2.2.1. Isolation of mouse peritoneal macrophages

5 × 105 mouse peritoneal macrophages from C57BL/6 WT and TLR4−/− mice were plated in the wells of sterile 12‐well cell culture plates in 1 mL RPMI 1640 containing 10% FBS, and incubated overnight at 37°C with 5% CO2. Nonadherent cells were removed with their medium, and incubated with medium alone, or medium plus rhCNB (25, 100, 400 μg/mL).

2.2.2. Quantitative RT‐PCR analysis of cytokines and chemokines

RAW264.7 cells (1 × 106 cells) were incubated with 5, 25, 100 μg/mL rhCNB for 6 hours. Trizol reagent was added to each well, and RNA extracted according to standard methods. RT‐PCR was performed by the 2‐step method. Quantitative PCR was performed using SYBR Green in an Applied Biosystems 7500 Real‐Time PCR system according to the manufacturer's protocol. The sequences of the primers used were designed and synthesized by Takara.

2.2.3. Isolation and induction of mouse bone marrow‐derived DCs

The bone marrow cells from C57BL/6 WT and TLR4−/− mice were flushed out with RPMI 1640 medium, dispersed and passed through a 200 nylon mesh and centrifuged for 5 minutes at 1500 g, and erythrocytes were lysed with ACK Lysis Buffer. The remaining cells were washed twice with medium and cultured in RPMI 1640 supplemented with 10% FBS and 1% penicillin/streptomycin, in the presence of 25 ng/mL recombinant mGM‐CSF and 25 ng/mL mIL‐4. The medium was refreshed every 2 days and a portion of cells were stained with CD11c every 3 days, On day 6 of culture, nonadherent and loosely adherent cells were harvested and used in experiments as immature DCs. Samples of 1 × 106 immature DCs were seeded in 12‐well plates, and the next day rhCNB was added and the cells were incubated further for 48 hours. The expression of surface molecules on the DCs was assessed by FACs.

2.2.4. Flow cytometry analysis

The expression of surface molecules on RAW264.7, peritoneal macrophages, BMDCs (bone marrow‐derived cells), and T cells was analysed using a BD FACSCalibur™ flow cytometer (FCM). In brief, the cells were collected, washed and suspended in cold phosphate‐buffered saline (PBS) containing 3% (v/v) bovine serum albumin. T cells were then stained with anti‐mouse CD3, CD4, and CD8a antibodies, peritoneal macrophages were stained with CD11b, CD40, CD80, and CD86 and BMDCs were stained with CD11c CD40, CD80, CD86, and MHCII. The stained cells were washed and fixed in PBS containing 1% (v/v) bovine serum albumin and detected with a FACSCalibur™ FCM (Becton‐Dickinson, USA). Data were analyzed with CellQuest Pro software (BD Biosciences, USA).

2.2.5. Determination of cytokines and chemokines

Cytokines and chemokines were measured in culture supernatants of RAW264.7, peritoneal macrophages, BMDCs, or splenocytes using commercial ELISA kits.

2.2.6. Apoptosis assay

TAK242‐treated or untreated RAW264.7 cells, BMDCs and peritoneal macrophages from WT and TLR4−/− mice were plated in 12‐well culture plates (2 × 106 cells/well) and incubated with 100 μg/mL rhCNB for 24 hours, and culture supernatants were collected. LLC cells were plated in 6‐well plates (5 × 105 cells/well) and incubated with 1:4‐diluted culture supernatants for 24 hours, and the cells were collected, and apoptosis was measured by Annexin V/PI staining; the cells were washed twice in ice‐cold PBS and stained with 10 μL Annexin V for 15 minutes in the dark at room temperature. Then 5 μL PI was added and incubation continued for 5 minutes. After staining, the cells were washed twice with PBS and analysed by FCM.

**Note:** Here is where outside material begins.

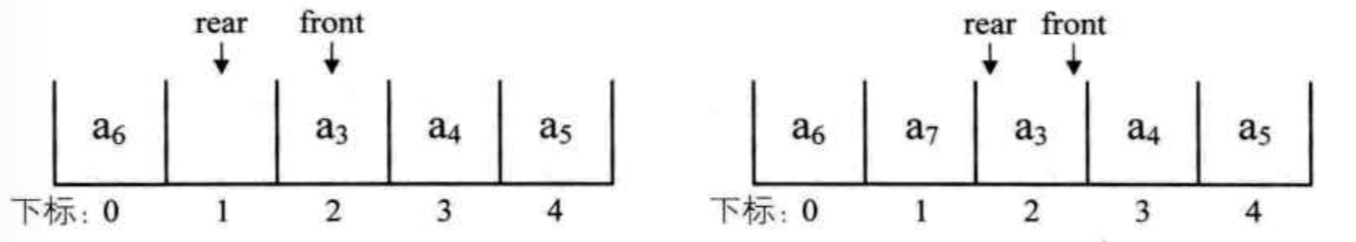 2,当队列空时,条件就是front=rear,当队列满时,修改其条件,保留一个元素空间,也局势说队列满时,数组中还有一个空闲单元。

2.2.7. Isolation and treatment of splenocytes

Spleens were aseptically removed from individual mice, and disrupted by scraping through nylon mesh. Erythrocytes in the spleen cell suspensions were lysed with ACK Lysis Buffer, and the viability of the splenocytes was assessed by trypan blue staining.

2.2.8. The Lewis lung cancer (LLC) cells‐bearing C57BL/6 mouse model, and rhCNB administration

LLC cells suspensions (1 × 106 cells) were transplanted into the right armpit of each mouse. Before inoculation, C57BL/6 WT mice were randomly divided into 3 groups of 8 mice each, receiving daily intraperitoneal injections (0.2 mL) of normal saline, rhCNB 20 mg/kg, and rhCNB 40 mg/kg, respectively. Tumor volumes were measured by Vernier calliper every 2 days from 1 week after tumor challenge. After 15 days, the tumors were removed and weighed. The mice were handled during daylight hours and the experiment was carried out in accord with the China Public Health Service Guide for the Care and Use of Laboratory Animals. Experiments involving mice and protocols were approved by the Institutional Animal Care and Use Committee of Beijing Normal University.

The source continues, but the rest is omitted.